Here are the timing results:
- N=65536, fftw time = 0.005(s), fftpack time = 0.001(s)
- N=100000, fftw time = 0.005(s), fftpack time = 0.003(s)
- N=131072, fftw time = 0.006(s), fftpack time = 0.004(s)
- N=250000, fftw time = 0.013(s), fftpack time = 0.007(s)
- N=262144, fftw time = 0.012(s), fftpack time = 0.008(s)
- N=524288, fftw time = 0.022(s), fftpack time = 0.018(s)
- N=750000, fftw time = 0.037(s), fftpack time = 0.025(s)
- N=1048576, fftw time = 0.063(s), fftpack time = 0.059(s)
- N=1500000, fftw time = 0.114(s), fftpack time = 0.079(s)
- N=2097152, fftw time = 0.126(s), fftpack time = 0.146(s)
- N=4194304, fftw time = 0.241(s), fftpack time = 0.35(s)
- N=8388608, fftw time = 0.433(s), fftpack time = 0.788(s)

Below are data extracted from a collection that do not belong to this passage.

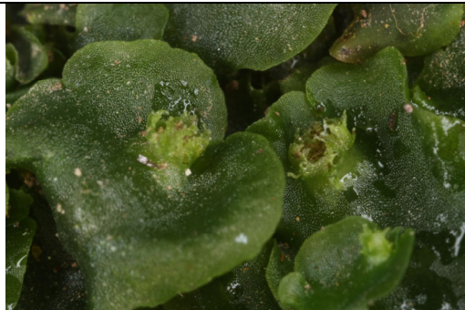
Abb. 17: Calycularia crispula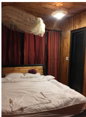
Phong Nha – Homestay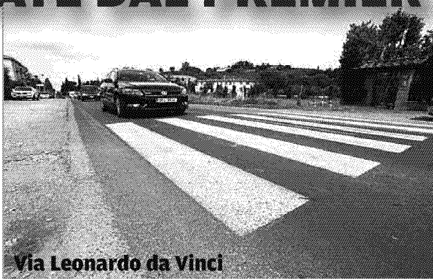
Via Leonardo da Vinci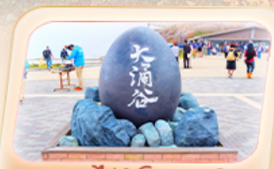
อนุสาวรีย์เจ้าโอวาคุดานิ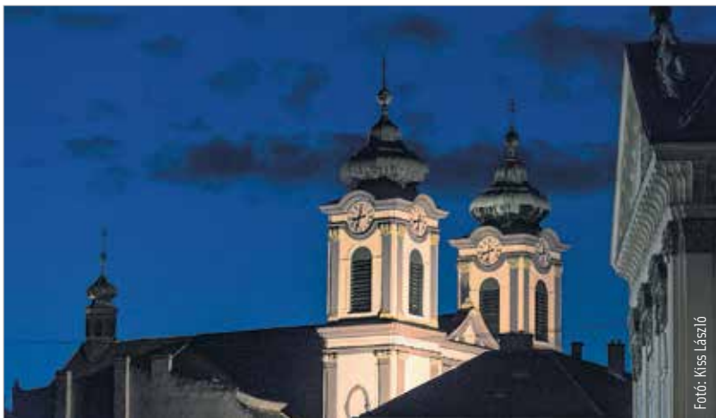
Lép be és láss! A Nagyboldogasszony Ciszterci Plébánia is csatlakozott a nyitott templomok napjához.

a kulturális örökség napjaival együtt a nyitott templomok napja, amikor a templomok, zsinagógák megnyitják kapuit, és a közösségek bemutatják templomaik művészeti értékeit. Színes kulturális programokkal, helyenként toronymászással várják az érdeklődőket. A felhívásra idén több mint száz templom jelentkezett. Lép be és láss! címmel a Nagyboldogasszony Ciszterci Plébánia is csatlakozott az eseményhez. Szeptember 19-én 10 órától egészen 20 óráig várják az érdeklődőket. A csatlakozó települések és templomok részletes listáját megtalálhatják a fesztivál honlapján az imatérképen: www.ars-sacra.hu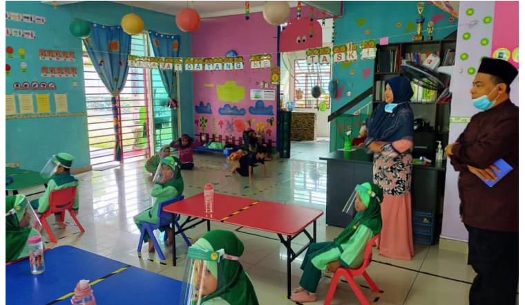
TASKI KHALIFAH BESTARI PUCHONG UTAMA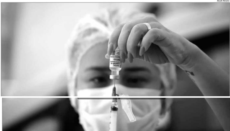
Última vez que o RN passou um dia inteiro sem mortes foi em novembro de 2020. Média de solicitação de leitos de UTI caiu para 25

A governadora Fátima Bezerra disse que os resultados possibilitam ao Estado o retorno de outros programas. "A redução do número de internados em UTI, dos pedidos de internações e de mortes por Covid, nos permitiu retomar um programa importante na área da Saúde, que é o Mais Cirurgias Mais Saúde. Estamos retomando agora e vamos intensificar em setembro, as cirurgias eletivas que foram interrompidas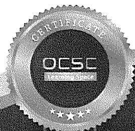
(นายปิยวัฒน์ ศิวรักษ์) เลขาธิการคณะกรรมการข้าราชการพลเรือน

[รวมระยะเวลาทั้งสิ้น 3 ชั่วโมง] ให้ไว้ ณ วันที่ 13 กรกฎาคม พ.ศ. 2566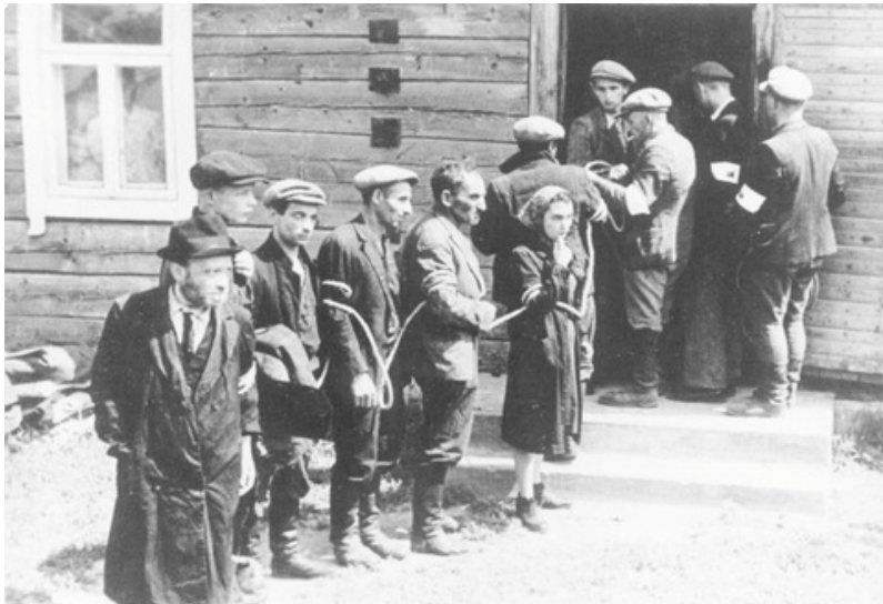
1941 m. liepos mėn. Tautinio darbo apsaugos bataliono sugauti ir surišti žydai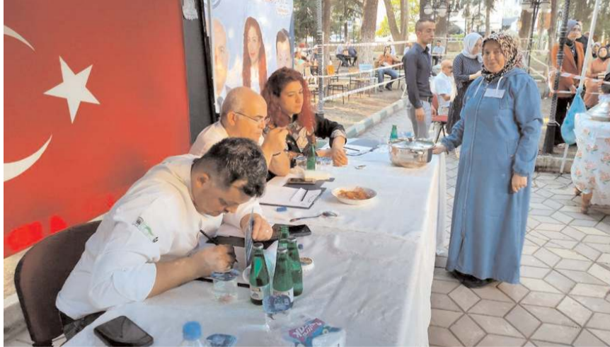
Jüri üyeleri yemekleri değerlendirdi.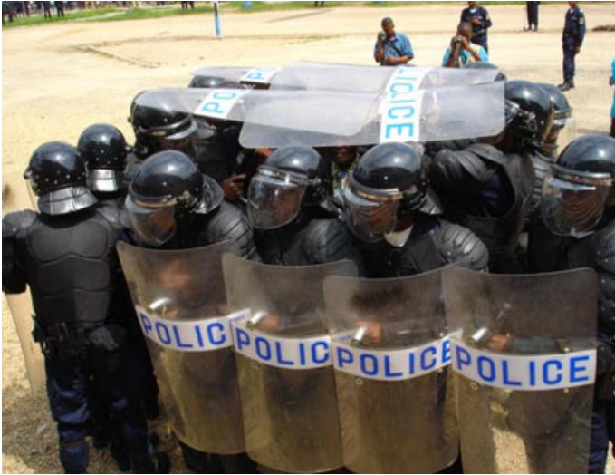
Von der MONUC ausgebildete Polizeikräfte während der Wahlen 2006 in der DRC.

schrauber auf relativ kleinem Raum und setzen die Verstärkungskräfte ab. Unverzüglich beziehen sie ihre im Voraus erkundeten Stellungen womit auch das Ende der Übung angezeigt ist. 24 Die Übungen sind u.a. notwendig, um den Umgang mit für Soldaten eher untypischen Einsatzmitteln wie Schildern (gegen Steinwürfe) zu trainieren. Die Schilder müssen beim Besteigen des Hubschraubers in einer bestimmten Weise getragen werden, damit sich der Luftzug der Rotoren nicht in ihnen verfängt. Das Foto der Woche in der Aprilausgabe der Zeitschrift „Y - das Magazin der Bundeswehr“ zeigt junge Männer in Armeehosen, die vor einem Panzer und deutschen Feldjägern wegstürmen, im Hintergrund ein Hubschrauber, folgender Text erläutert die Szene: „Das Operational Reserve Battalion trainiert seine Fähigkeiten im Kosovo bei der Übung ‚Balkan Hawk‘ und bekommt von den Amerikanern Unterstützung aus der Luft. Sie versuchen die Demo mit Hilfe eines Apache-Hubschraubers aufzulösen.“ Die Uniformen der Feldjäger tragen dabei keine Tarnflecken sondern sind in einheitlichem grün gehalten so wie (früher) die der deutschen Bereitschaftspolizei (denen sie verdächtig ähneln). Außerdem tragen sie offensichtlich Schienbeinschoner.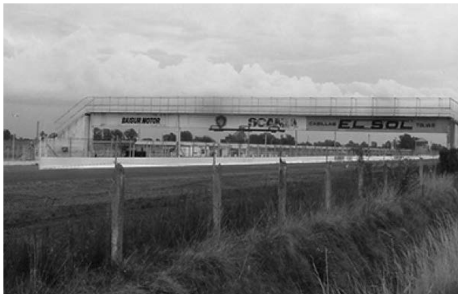
El "coloso" de la velocidad espera un futuro positivo para todos.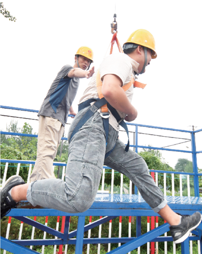
新职工在安全教育基地体验安全绳。

从书香满溢的象牙塔，走入土方、钢筋、安全帽的施工现场，能不能快速适应？北京市政路桥总承包二部发挥人才培养机制优势，引导大学生走入社会，上好职业生涯第一课。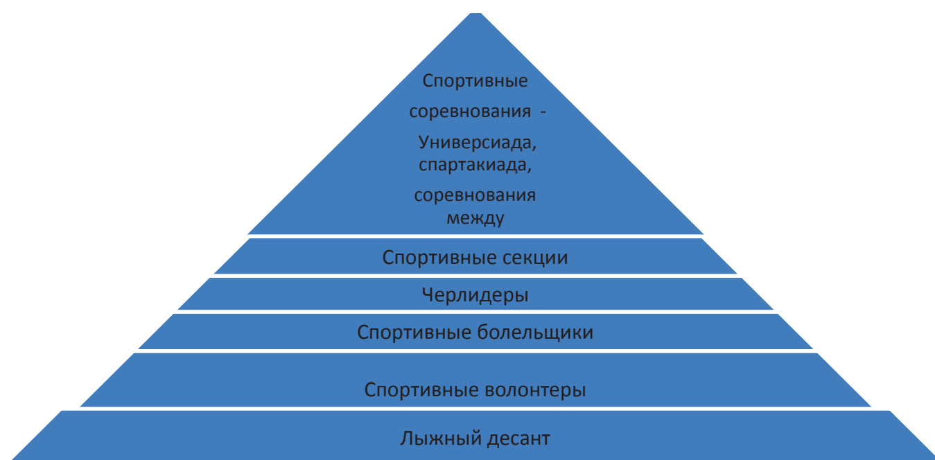
Таблица 1. Модель интеграции студенческой культурно-досуговой деятельности в сфере физической культуры и национальных видов спорта

Одной из задач является организации физкультурно-оздоровительной работы со студентами разных факультетов и институтов. С этой целью в университет реализуется проект лыжный десант «Үргэл», который отметил 50-летний юбилей. Во время лыжного десанта по республике проводится профориентационная работа со старшеклассниками по военно-патриотическому воспитанию, проведение лекций по ЗОЖ, совместных культурно-массовых мероприятий.

For vectors with length < 1500000 double value fftpack is faster than fftw.
Here is the code I use:
Matrix X=randn(M,1); //input vector
//start timer
Matrix Y = MyFFTW(X);
// measure time
//function to compute the FFT
Matrix MyFFTW(Matrix X)
{
int M= X.rows();
int N= X.cols();
Matrix Y(T_COMPLEX,M,N); // output complex to store FFT results
// Input data could also ba matrix
double* in_data = (double*)fftw_malloc(sizeof(double) * M );
fftw_complex* out_data = (fftw_complex*)fftw_malloc(sizeof(fftw_complex) * (M / 2 + 1));
fftw_plan fftplan = fftw_plan_dft_r2c_1d(M, in_data, out_data, FFTW_ESTIMATE);
//one fftplan is used for all the matrix columns
for (int i = 1; i <= N; i++)
{
//copy column number i to in_dataused by the fftplan, arrays indexing is 1-based like matlab
memcpy(in_data, X.pr(1,i), M* sizeof(double));
fftw_execute(fftplan);
//split out_data to real and imag parts
double* pr = Y.pr(1,i), * pi = Y.pi(1,i);
int k = (M - 1) / 2, j;
for (j = 0; j <= k; j++)
{
*pr++ = out_data[j][0];
*pi++ = out_data[j][1];
}
if (M % 2 == 0)
{
*pr++ = out_data[M/2][0];
*pi++ = out_data[M/2][1];
}
for (j = k; j >= 1; j--)
{
*pr++ = out_data[j][0];
*pi++ = out_data[j][1];
}
}
fftw_destroy_plan(fftplan);
fftw_free(in_data);
fftw_free(out_data);
return Y;
}
Results are obtained on Intel core i7 @ 3.2 GHz using Visual Studio 2019 as compiler and the last intel MKL library. Compiler flags are:
/fp:fast /DWIN32 /O2 /Ot /Oi /Oy /arch:AVX2 /openmp /MD
Linker libs are:
mkl_intel_c.lib mkl_intel_thread.lib mkl_core.lib libiomp5md.lib
Is there a better way to make fftw faster for vector of small size ?
Update:
I tested against Matlab that uses MKL fftw for fft computation :
- N=65536, matlab fft time = 0.071233(s)
- N=100000, matlab fft time = 0.011437(s)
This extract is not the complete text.